Allí estaba, sonriendo con su dentona sonrisa, los platillos separados e inmóviles pero dispuestos a golpear, echado tranquilamente sobre su espalda contra un rincón de una caja de Ralston-Purina, como si estuviera aguardando el autobús, como si dijera: Creíste haberte librado de mí, ¿eh? Pero no es tan fácil librarse de mí, Hal. Me gustas, Hal. Estamos hechos el uno para el otro, como un chico y su monito preferido, un par de buenos amigos. 

Y en algún lugar al sur hay un estúpido viejo trapero italiano tendido en su bañera, con los ojos desorbitados y la dentadura postiza medio salida de su boca, su gritante boca, un trapero que huele como una vieja batería quemada. 

Me había apartado para su nieto, Hal, y me puso en el estante con su jabón y su navaja y su crema de afeitar y la radio que estaba escuchando mientras se bañaba, y yo empecé a tocar los platillos, y uno de mis platillos golpeó esa vieja radio y cayó dentro de la bañera. Y entonces vine de nuevo a tí, Hal. 

Hice todo el camino por carreteras comarcales, de noche, y la luz de la luna se reflejaba en mis dientes a las tres de la madrugada, y dejé muerte en mi despertar, Hal. Vine hasta tí. Soy tu regalo de Navidad, Hal, dame cuerda. ¿Quién está muerto? ¿Es Bill? ¿Es el tío Will? ¿Eres tú, Hal? ¿Eres tú?

Hal había retrocedido, su boca locamente crispada, los ojos desorbitados, y estuvo a punto de caer escaleras abajo. Le dijo a tía Ida que no había podido encontrar los adornos de Navidad —era la primera mentira que le decía, y ella vio la mentira en su rostro, pero no le preguntó por qué se la decía, gracias a Dios—, y más tarde cuando vino Bill, le pidió que los buscara él, y Bill regresó con los adornos de Navidad. 

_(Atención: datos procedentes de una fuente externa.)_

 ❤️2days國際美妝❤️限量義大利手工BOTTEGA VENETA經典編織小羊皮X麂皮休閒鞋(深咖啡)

Más tarde, cuando estuvieron solos, Bill le susurró que era un tonto incapaz de encontrar su propio culo con las dos manos y una linterna. Hal no dijo nada. Hal estaba pálido y silencioso, tomando ausentemente su cena. 

Y aquella noche soñó de nuevo con el mono, uno de sus platillos golpeando la vieja radio mientras desgranaba las notas de una canción de Deán Martín, y la radio caía dentro de la bañera mientras el mono sonreía y golpeaba sus platillos con un JANG y un JANG y un JANG. Sólo que no era el trapero italiano quien estaba en la bañera cuando el agua se volvía eléctrica.

Era él.

Hal y su hijo bajaron al embarcadero que había detrás de la vieja casa y se dirigieron hacia la caseta de botes que se proyectaba sobre el agua encaramada a sus viejos pilotes. Hal llevaba la bolsa de viaje en su mano derecha. Su garganta estaba seca, sus oídos eran anormalmente sensibles a todos los sonidos agudos. La bolsa parecía terriblemente pesada.

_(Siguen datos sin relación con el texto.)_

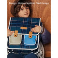 حقيبة ظهر مستطيلة بنقشة مربعات اسكتلندية زرقاء للأطفال، مقاس متوسط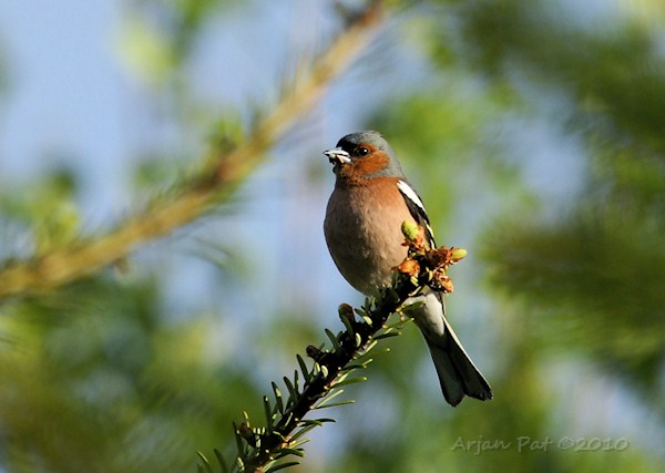 Het is net of deze vink zijn kleuren is kwijtgeraakt, of misschien nog moet krijgen.

—¿Qué hay ahí abajo, papá? —preguntó Petey.
Hal no respondió. Depositó en el suelo la bolsa de viaje.
—No toques eso —dijo, y Petey retrocedió unos pasos.
Hal rebuscó en sus bolsillos el manojo de llaves que Bill le había dado y encontró una claramente etiquetada C-BOTES con una tira de cinta adhesiva.

El día era claro y frío, ventoso, el cielo de un azul brillante. Las hojas de los árboles que llenaban la orilla del lago habían cambiado sus deslumbrantes tonalidades del rojo sangre al burlón amarillo. Susurraban y hablaban en el viento. Las hojas revoloteaban en torno a los zapatos de lona de Petey mientras éste permanecía ansiosamente de pie junto a él, y Hal podía oler el noviembre en el viento, con el invierno empujando detrás.

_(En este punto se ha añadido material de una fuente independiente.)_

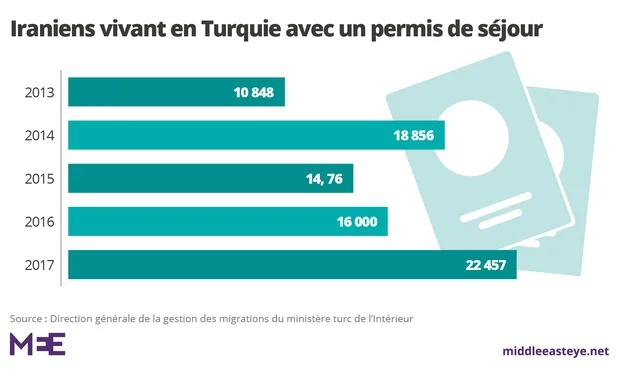 Un Iranien qui habite en Turquie depuis huit ans et travaille au sein de l’Association de solidarité avec les demandeurs d’asile et les migrants (ASAM), l’une des plus grandes organisations d’aide aux immigrés en Turquie, a déclaré à MEE qu’au cours des six derniers mois, le nombre de migrants iraniens qui sont venus à l’ASAM pour obtenir des conseils a augmenté de 25 %. Il s’est exprimé sous couvert d’anonymat car il n’est pas autorisé à donner des interviews.

La llave giró en el candado, y Hal empujó las puertas batientes, abriéndolas por completo. La memoria era buena; Ni siquiera tuvo que mirar para colocar con el pie el bloque de madera que mantenía abierta la puerta. El olor allí dentro era todo verano: lonas y madera barnizada, un persistente olor a humedad.

El bote de remos del tío Will estaba aún allí, los remos cuidadosamente preparados, como si hubiera sido cargado con el equipo de pesca y las dos cajas de seis latas de cerveza heladas la tarde anterior. Bill y Hal habían ido a pescar con el tío Will muchas veces, pero nunca juntos; el tío Will sostenía que el bote era demasiado pequeño para tres. El asiento rojo, que el tío Will repintaba cada primavera, estaba ahora con la pintura rayada y desgastada, y las arañas habían tejido sus telas en la proa del bote.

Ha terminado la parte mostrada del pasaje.